Le musher dans un attelage de chiens de traîneau

Qu'est-ce qu'un musher ?

Qu'est-ce qu'un musher ?

Le mot « musher » viendrait des Français immigrés au Canada au 18ème siècle : le terme « marche », utilisé pour donner aux chiens l’ordre d’avancer, aurait été anglicisé par les conducteurs de traîneaux canadiens anglophones en « mush ». De fil en aiguille, le terme désignant les conducteurs serait devenu celui de « musher ».

 

L’immense majorité des mushers sont avant tout des hommes et des femmes passionnés par les chiens et les grands espaces. Toutefois, il est difficile de vivre de cette passion, si bien que tous ne sont pas des professionnels : beaucoup exercent cette activité de manière totalement amateur, en parvenant à la concilier avec un emploi sans rapport avec le mushing, voire sans rapport avec les chiens. Par ailleurs, parmi les mushers professionnels, tous ne sont pas des compétiteurs : certains se consacrent exclusivement à proposer des balades, des randonnées ou des raids à des clients privés, souvent en toutes saisons.

 

Ceux qui participent à des courses de chiens de traîneaux se livrent d’ailleurs aussi à cette activité, notamment l’été, avant le début de l’entraînement intensif des chiens. Cela permet à leurs protégés de faire de l’exercice pendant la saison creuse et au musher de bénéficier d’un apport financier pour subvenir aux besoins de son attelage, acheter de l’équipement pour les courses, etc.

Devenir musher

Devenir musher

Dans la plupart des pays, aucun diplôme spécifique n’est requis pour devenir musher. Les futurs mushers sont formés dans les chenils par d’autres mushers expérimentés, sous forme de stages ou de périodes d’apprentissage.

 

Certains pays, comme la Suisse, proposent des formations encadrées, mais celles-ci ne donnent pas lieu à la délivrance d’un diplôme. En France, en revanche, il est nécessaire d’obtenir le DEJEPS (Diplôme d’État de la Jeunesse Populaire et des Sports), en passant par des formations et des stages.

 

Au final, les principaux prérequis sont d’être sportif, car c’est un métier très physique, et d’avoir une bonne connaissance des races de chiens utilisées pour les courses de traîneaux.
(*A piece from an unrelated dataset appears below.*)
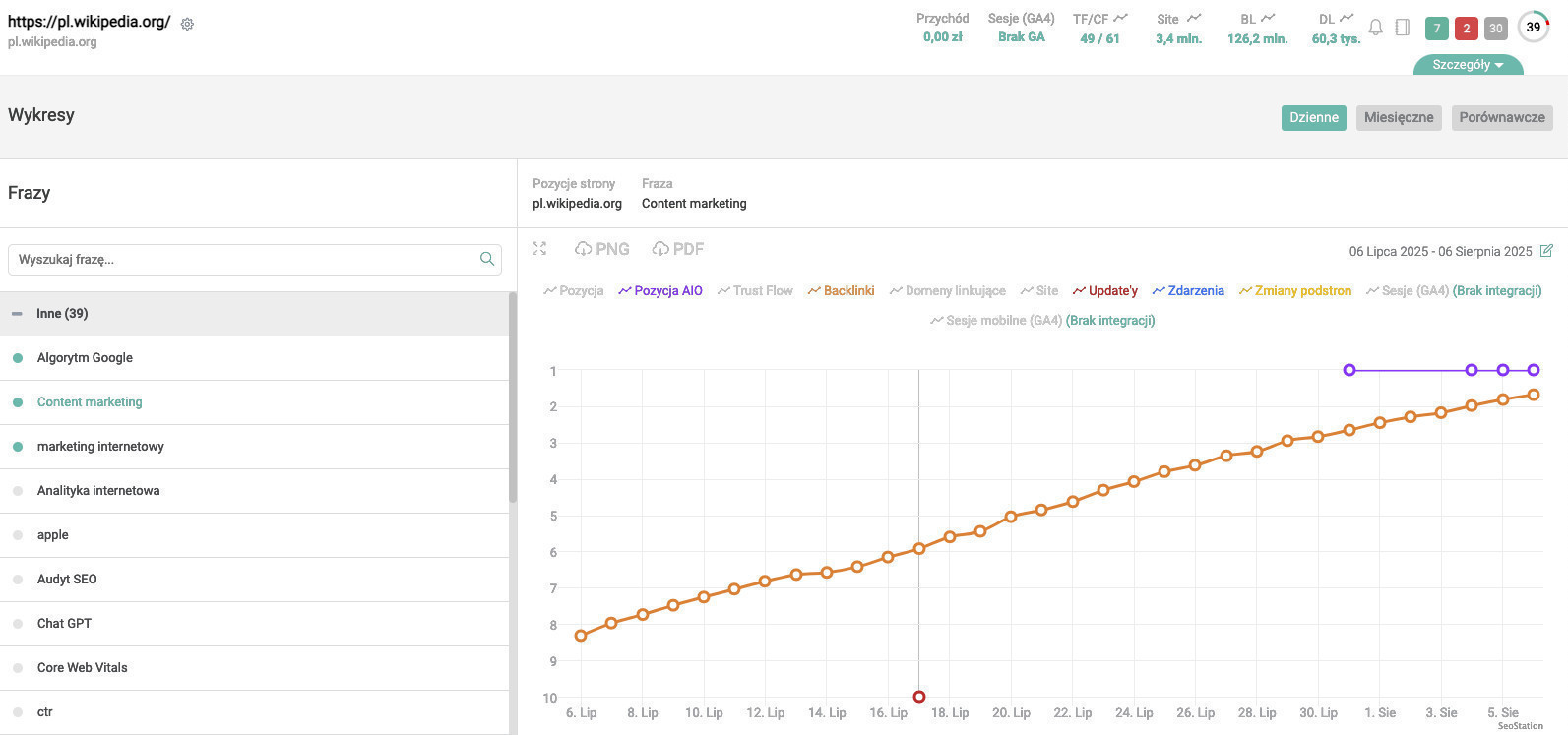 Co więcej, pozycja w AI Overviews jest widoczna również na wykresach pozycji. Dzięki temu możecie śledzić obecność i zmiany pozycji Waszej strony w AIO na przestrzeni czasu – dokładnie tak samo, jak dla standardowych wyników organicznych.
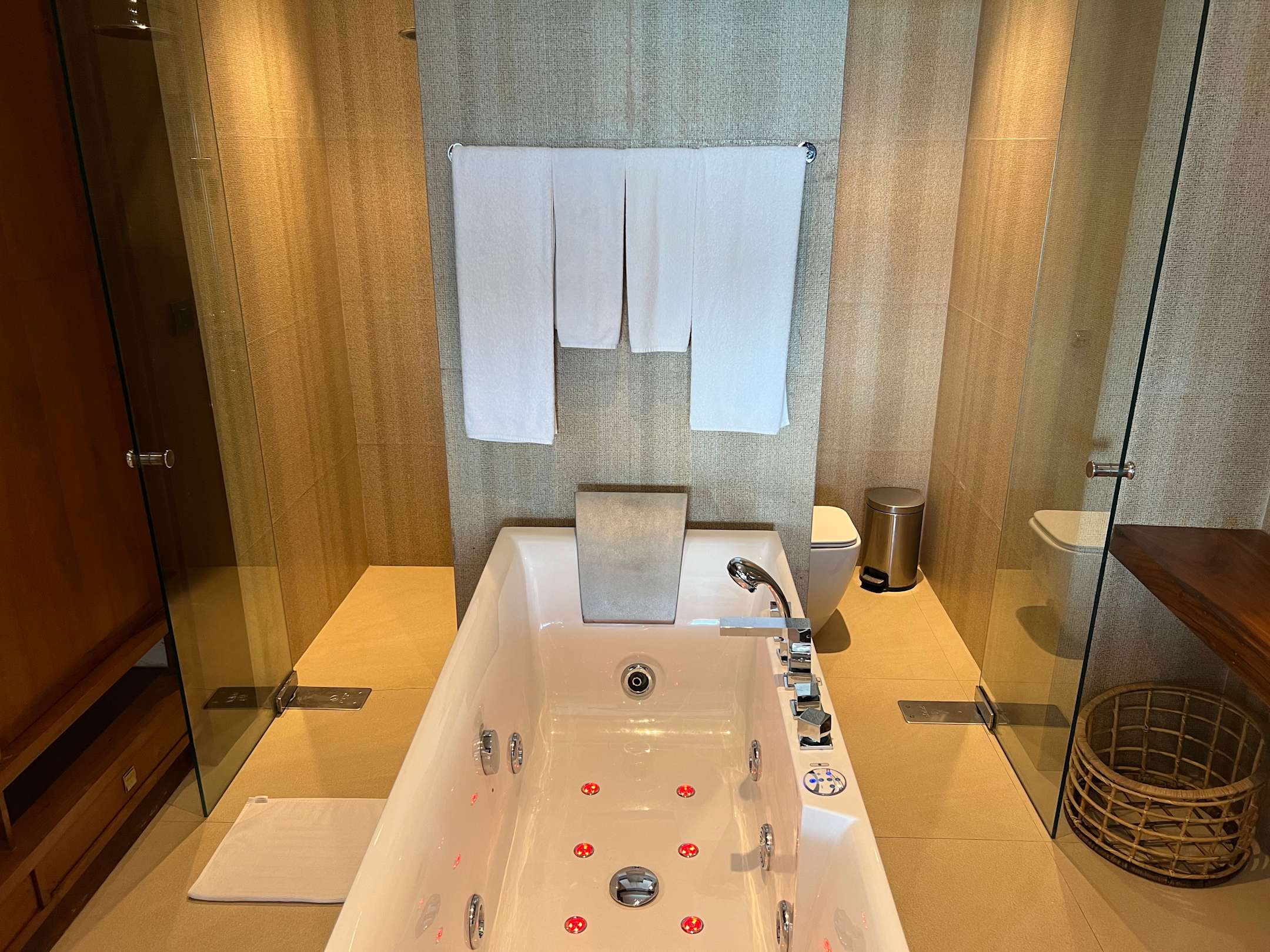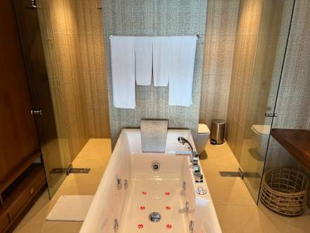 ZimmerWhirlpoolbadewanne im Bad, links Dusche, rechts Toilette

Les débuts en compétition d’un musher

Les débuts en compétition d’un musher

La majorité des mushers de compétition possèdent leur attelage, c’est-à-dire qu’ils sont propriétaires de leurs chiens. Il est toutefois possible de louer un attelage à un musher disposant d’un grand chenil, mais ce n’est pas fréquent.

 

Les débuts d’un musher (qu’il soit compétiteur ou pas, d’ailleurs) sont progressifs. Certains commencent par la pulka ou le skijoring avant de se lancer dans le traîneau, car ces deux sports ne demandent qu’un nombre limité de chiens (et d’être un excellent skieur de fond !). De plus, les techniques d’entraînement et d’éducation de ces disciplines sont transposables à un chenil de petite taille.

 

 

Le musher dans un attelage de chiens de traîneau

En effet, les mushers commencent généralement par un petit chenil (4 individus environ) et, peu à peu, achètent des chiens supplémentaires pour l’agrandir. A partir d’un certain nombre, il leur devient possible de se lancer dans la reproduction. Les chiots ainsi obtenus permettent d’agrandir et de renouveler l’attelage, mais aussi de louer ou de vendre des chiens à d’autres mushers.

 

L’achat des tous premiers chiens, ceux qui constituent la base du chenil, n’est pas une chose aisée. En effet, il n’est pas facile d’être sûr d’acheter de bons chiens de traîneau quand on manque d’expérience. De ce fait, il est courant qu’un musher qui vend des chiens laisse à l’acheteur potentiel le temps de les tester à travers des balades en attelage, voire quelques semaines d’essai gratuit.

 

Le musher dans un attelage de chiens de traîneau

Quoi qu’il en soit, le musher débutant ne choisit pas forcément des chiots comme premiers chiens. En effet, choisir des adultes est une pratique de plus en plus fréquente, même si elle n’est pas encore totalement entrée dans les mœurs. L’avantage de procéder ainsi est que l'animal est déjà éduqué et a sa morphologie et son caractère définitifs.

 

Cela nécessite bien sûr de choisir un musher reconnu comme digne de confiance, afin par exemple d’éviter d’acquérir à un prix surévalué un chien aux performances faibles ou irrégulières. Le bouche-à-oreille est un des moyens pour le trouver, ainsi que les clubs de mushing.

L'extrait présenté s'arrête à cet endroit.